Memorial Weekend starts the picnic and grilling season for most of us. From hamburgers to steaks to chicken or ribs, nothing is safe from the flames.
But we need to do it right to keep it safe for everyone.
Wash your hands
That goes without saying, you have to keep clean around food and that includes your hands. But do you wash them between handling different types of meat? Put the chicken on, then wash your hands before picking up the burgers or ribs. Bacteria can spread easily between as you touch the different meats without washing.

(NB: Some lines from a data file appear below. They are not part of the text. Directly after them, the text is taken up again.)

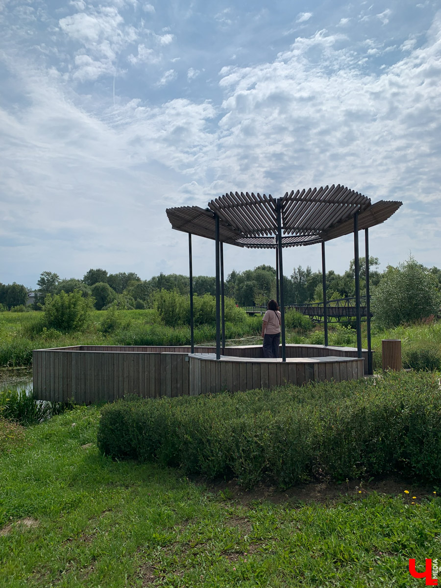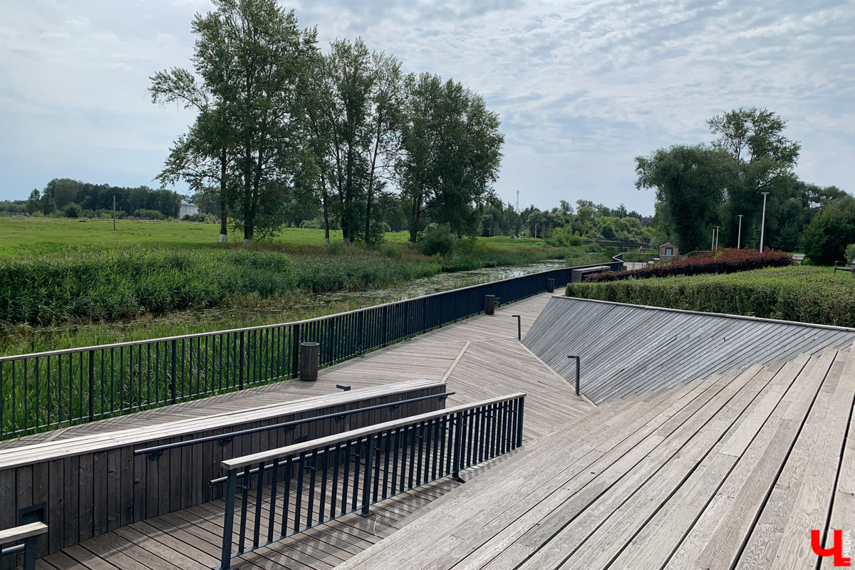 Проект набережной реализовало архитектурное бюро SPACES. Ее очертания стремятся повторить изгиб небольшой реки с поросшими камышом берегами. Там вы не увидите привычной жителям Владимира серой брусчатки. Есть небольшой островок, но и тот выделяется дизайном в виде многоцветного лоскутного одеяла как что-то трогательное и душевное. Деревянное покрытие широкой лестницы, ведущей к Воймиге, и дорожки, прокладывающей маршрут между деревьями и симпатичными, как бы естественными цветущими островками, создает теплое, почти тактильное ощущение уюта.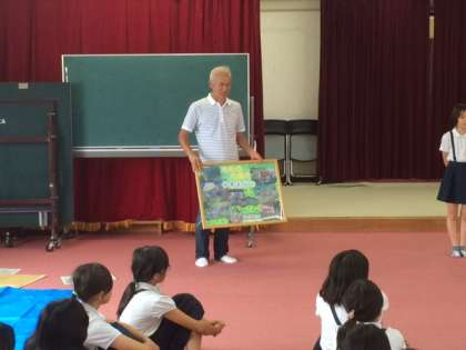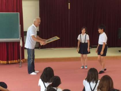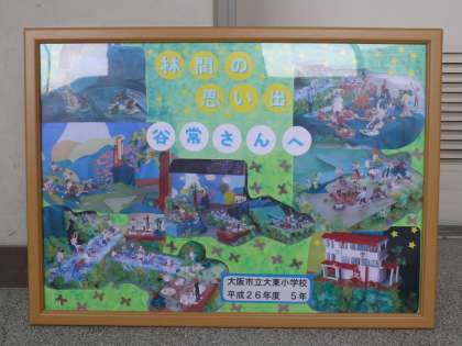 「贈呈式」です。昨年度、大東小学校では、秋に「作品展」を開催。「思いを伝えよう」というテーマで実施。昨年度の5年生が「林間学習」の思い出を、学年で立体作品に表現しました。その時に、お世話になったホテル「谷常」さんも再現していました。ということで、その作品を「写真パネル」にして、今年の林間学習での贈呈式へとゆだねたわけです。
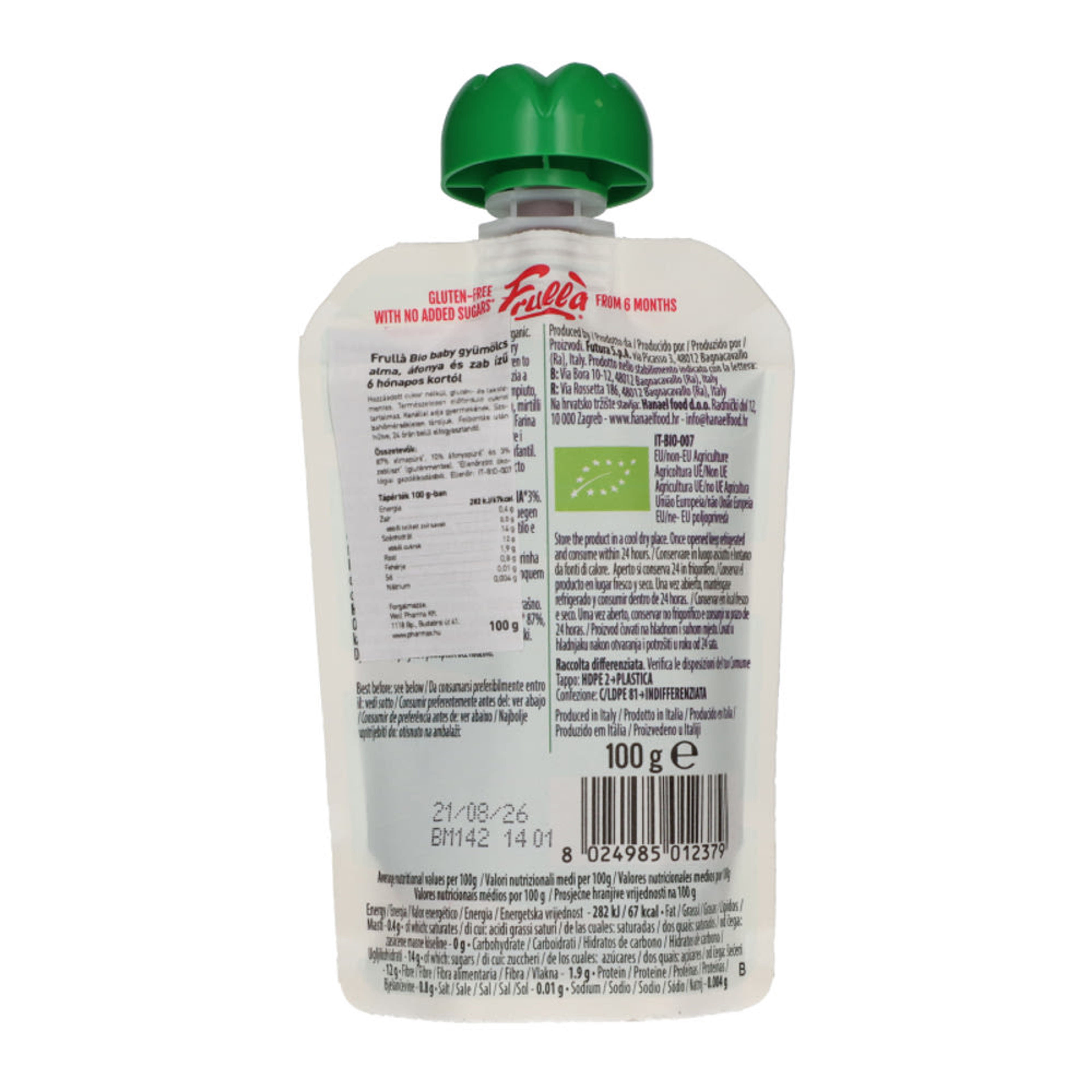 Csak ellenőrzött ökológiai gazdálkodásból származó gyümölcsöt tartalmazó gyümölcspüré, zabliszttel. Hozzáadott cukor nélkül, glutén - és laktózmentes. Természetesen előforduló cukrot tartalmaz. A benne található zabliszt glutén mentes.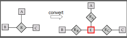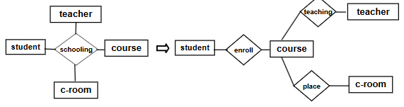 - 将有n个度的关系的位置替换为一个中间的实体集E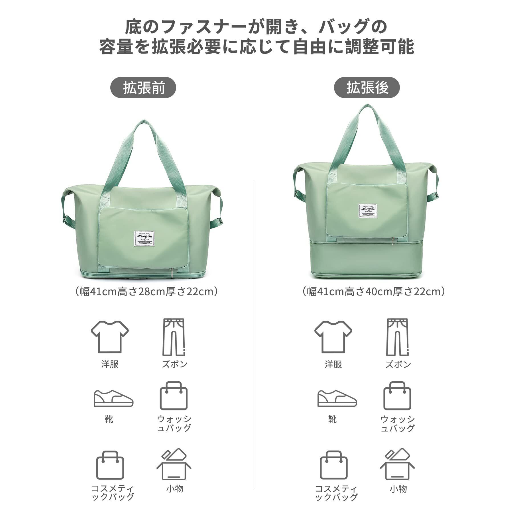 【底部拡張可能】底部はジッパーで拡張機能を隠し、底部は10cm拡張可能で、必要に応じて容量を調整できます。

And use a different cutting board or wash the cutting board for each type of meat.
Use a thermometer
Good chefs keep a meat thermometer nearby. That chop may look done, but is it? Here are the three temperatures you should remember:
- 145 degrees Fahrenheit for steaks, roasts, chops, fish, and other whole cuts of meat
- 160 F for ground meat, including beef, pork, and lamb
- 165 F for poultry
To read the temperature accurately, put the point of the thermometer into the center of the meat but never touching the bone. Thinner cuts, like burgers, insert it from the side.
Keep meat cold
Keep your meat in the refrigerator until you are ready to cook it. Room temperature is an invitation for bacteria to form. If you need to bring it out, due to the distance of the grill and your fridge, don’t let it sit out for more than 30 minutes.
Keep hot and cold cold
Many grills have a warming rack where you can keep those extra burgers until they are eaten. I make an ice tray, but filling a cake pan with water, then freezing it days before the picnic. Place the salad bowls on top of the ice pan. Any cold foods will stay cold but won’t soggy.
And, of course, promptly move the leftovers to the fridge so they will stay good. Just plan to eat them within 2 or 3 days.
So, what are you waiting for? Let’s get grillin’ and enjoy ourselves this summer.